Published on : 15 Mar 2021

FAQs – Pharmaceutical Industry Laws in Israel



What are the major pharmaceutical laws and regulatory bodies in ISRAEL?


The main legislation relating to pharmaceuticals in Israel is: 

  • The Pharmacists Ordinance (New Version) 1981, which governs the manufacture, selling, prescribing, importation, and registration of medicinal products, as well as data exclusivity provisions.
  • The Pharmacist Regulations (Medical Preparations) 1986, which govern the selling, prescribing, importation, and registration of medicinal items, as well as pharmacovigilance and recall provisions.
  • The Pharmacist Regulations (Good Manufacturing Practice) 2008, which governs the manufacturing, importation, and recall of pharmaceuticals.
  • The Goods and Services Price Surveillance Act of 5756-1996.
  • 5761-2001, Order for the Supervision of Goods and Services Prices (Maximum Prices for Prescription Preparations).
  • 5761-2001 Order for the Supervision of Goods and Services Prices (Application of the Act to Preparations).

Regulatory agencies

  • The Ministry of Health (MOH) Pharmaceutical Administration is the governing body in charge of pharmaceuticals in Israel. It is made up of the following bodies:
  •  The Institute for Standardization and Control of Pharmaceuticals (ISCP), which is in charge of ensuring the quality of pharmaceuticals.
  • The Department of Preparations Registration, which is in charge of registering pharmaceutical products.
  • The Import of Pharmaceuticals and Drugs Department, which is in charge of medicinal product importation.
  • The Pharmaceutical Monitoring Section, which is in charge of approving medicinal product labelling and packaging.
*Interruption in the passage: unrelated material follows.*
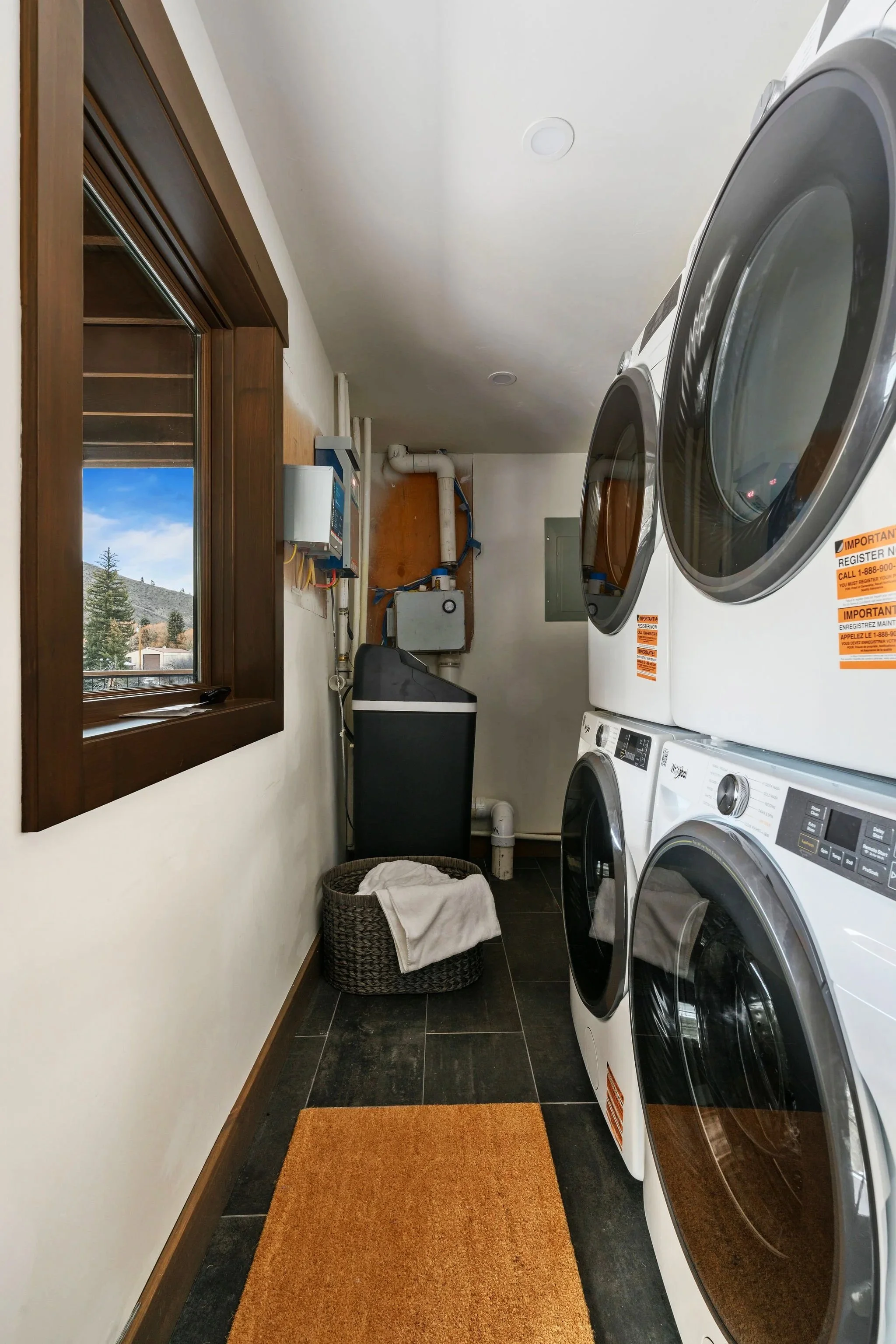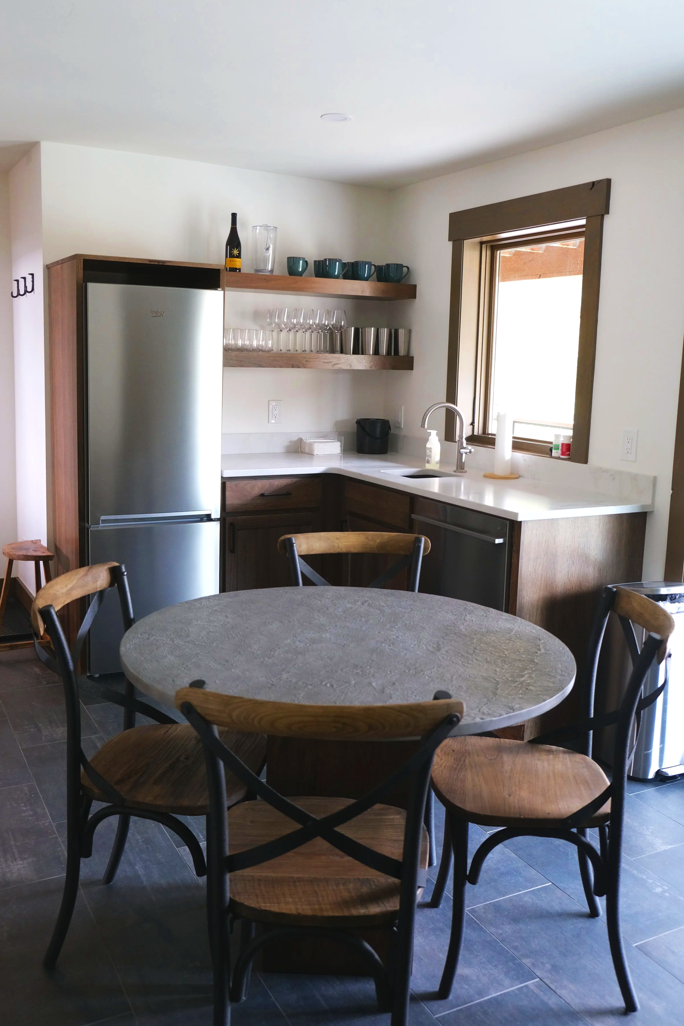The lower level of Howell River House operates as its own self-contained wing, and the kitchenette is where that independence becomes real. A corner galley with walnut cabinetry, quartz countertops, a stainless steel refrigerator, and open floating shelves lined with wine glasses, ceramic mugs, and a bottle waiting to be opened sits beside a timber-framed window with a colorful ski painting propped against the sill. A round stone-top dining table with four cross-back chairs — two of them draped in golden Mongolian sheepskin throws — faces full-height sliding glass doors that open onto the deck and the evergreens beyond. Cowboy boots by the door, a fur-trimmed vest on the wall hook, a card game mid-hand on the table: this is the room that feels the most lived-in, the most like the house has already been enjoying itself before you arrived. Just off the kitchenette, a dedicated laundry room houses a full-size stacked washer and dryer — a detail that matters more than you'd think on a three-month seasonal stay, and one that most luxury rentals in this market quietly omit.

The Department of Pharmacovigilance and Drug Information, which is in charge of ensuring the safety of drug treatment

  • Pharmaceutical facilities in Israel, among other items, are under the purview of the Pharmaceutical Administration.
  • Obtaining and inspecting pharmaceutical and medical device licenses.
  • Observing human clinical trials
  •  Defending against prescription fraud.
  • The key aim of the Pharmaceutical Administration is to ensure that all medical preparations sold in Israel meet the required safety, consistency, and efficacy requirements. The Pharmaceutical Administration is also in charge of implementing the rules that govern its operations.
  • Section 1 of the Pharmacists Ordinance defines the terms preparation and therapeutic medication as any type of a substance or combination of substances that is one of the following (except blood or blood portion obtained from a human being that is intended to be used in its natural physiological form and has not undergone significant processing):
  • It has properties for curing, preventing, or treating a disease in a person or animal, or it is advertised as having such properties.
  • By exerting a pharmacological, immunological, or metabolic operation, it induces (or is administered to a human being or animal for the purpose of causing) regeneration, substitution, reparation, or a change of a physiological action throughout the body.
  • It is given to or may be given to a person or an animal for the purpose of medical diagnosis.

What is the national health-care system's framework, and how is it funded? Explain how drugs are inserted into the system or how they are supplied in the market ?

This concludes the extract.